カウンターにいる江藤さんがオーナーを引っ張った。
「オーナー、あのクールそうな和服イケメンは誰ですか?」
「高校の先輩。必修クラブで初心者の私にいろいろ教えてくれたの」
「それって何ですか?」
「入りたいクラブに入れなくてね、将棋クラブだったの。面倒だから卒業までずっといたわ」
「だからたまに常連さん達とオープンテラスで将棋を指していたんですね」
「あの方たちの方が強いわよ。私は教えて貰っているだけ」
オーナーは微笑んで作業の手は止めていない。その行為はお客さんを見つめる江藤さんに警告を発している様にも思えた。

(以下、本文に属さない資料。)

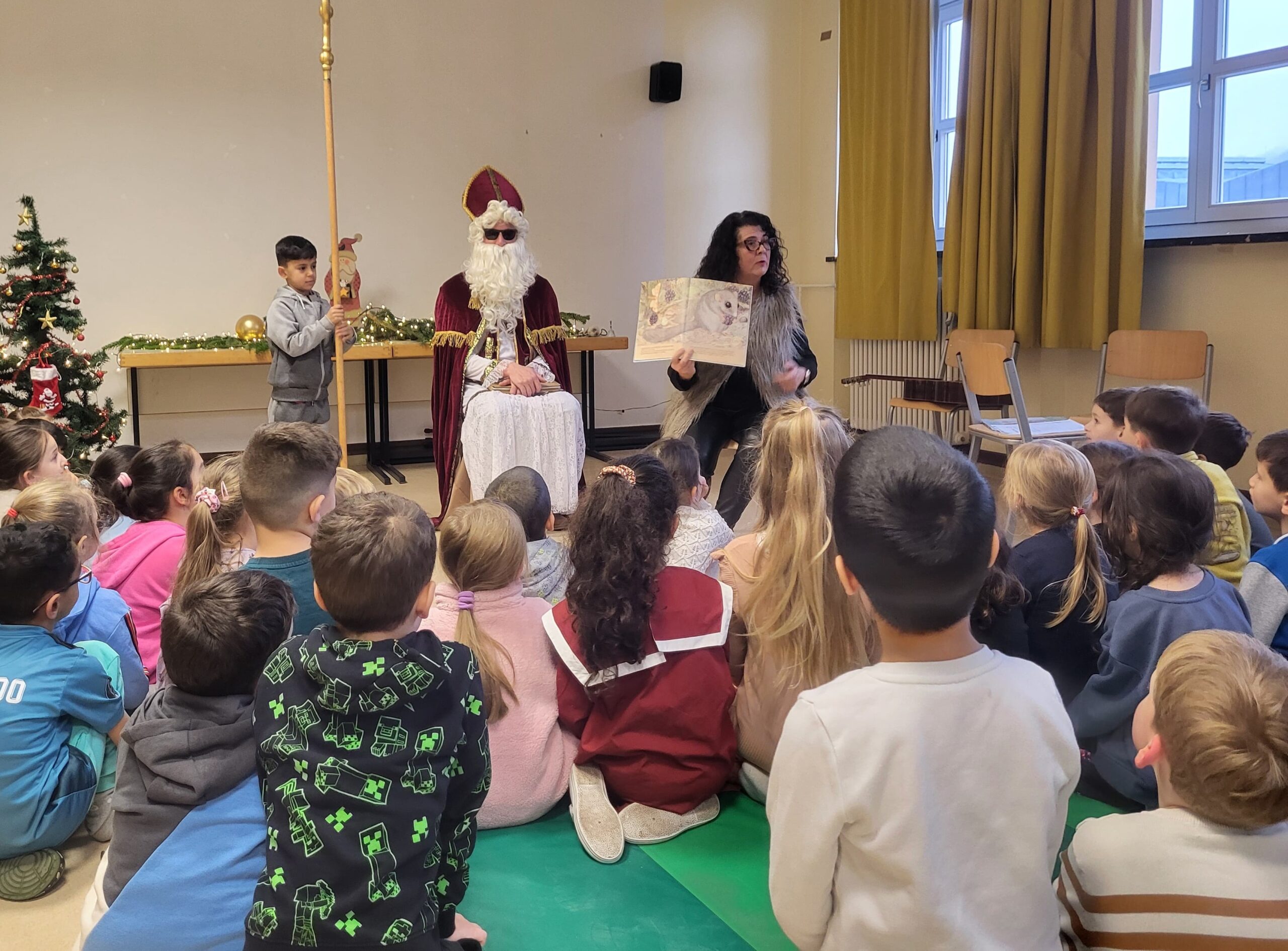 Danach las unsere Schulleitung, Frau Thalhammer, eine Geschichte vor, in der es darum ging, dass der Nikolaus auch die Tiere und ihre Jungen besucht.

ケーキのショーケースを見て、オーナーはスマホを操作している。上の階の椎名さんにケーキの在庫の報告とパンの残量の報告だろう。椎名さんは出来上がったスイーツとパンを下ろす時には店舗フロアに降りてくるけれども、内線代わりにスマホでやり取りをしている。同じように桐谷さんとのやり取りもスマホの事が多い。作業を邪魔したくないし、厨房まで行く必要性がある訳じゃないからこれで十分よって笑っている。仕入れ伝票はお店のポストに入れてもらう様になっているらしい。オーナーは焼き菓子用の箱にランダムに焼き菓子を入れて包装紙を巻いてから、宅急便の袋に入れた。天地無用のステッカーを張る事を忘れない。再びお客様の元に戻る。
「先輩、今の住所を聞いてもいいですか?」
「その位いいぞ」
「伝票に直接書こうか?」
「それはいいです。私個人名で出しますので。宅急便業者で送りますね」
「悪いな。料金は?」
「そんなのいいです。三年間の授業料として貰って下さい。今は先輩に教わるなんて無理ですもの」
「今回だけだ。ところでお前……大槻さんと連絡取っているのか?」
「大槻さんとはメールで定期的に取っていますよ。加瀬先輩情報ですか?」
「そうだな。あの人なら川野先生が一番だろう?」
「先生には私からメールを送っておきますね」
「俺がお前の店に行ってみるかって言っただけでこれだからな」
「その加瀬先輩が小学校の先生なのですから……かなり納得いきません」
「そう言うな。俺もそろそろ打ち合わせ先に向かうか。タクシー手配して貰ってもいいか?」
「いいですよ。タクシーですか?」
「ケーキ買って電車移動はできないだろ?」
そうでしたね。それではケーキを選んで下さい。私はタクシーを手配します。
オーナーがレジの傍でタクシーの手配をしていると江藤さんが張り付いている。
そんな彼女が分かり易くて、私は苦笑いしている。そんな事をして気分を害されないといいんだけど。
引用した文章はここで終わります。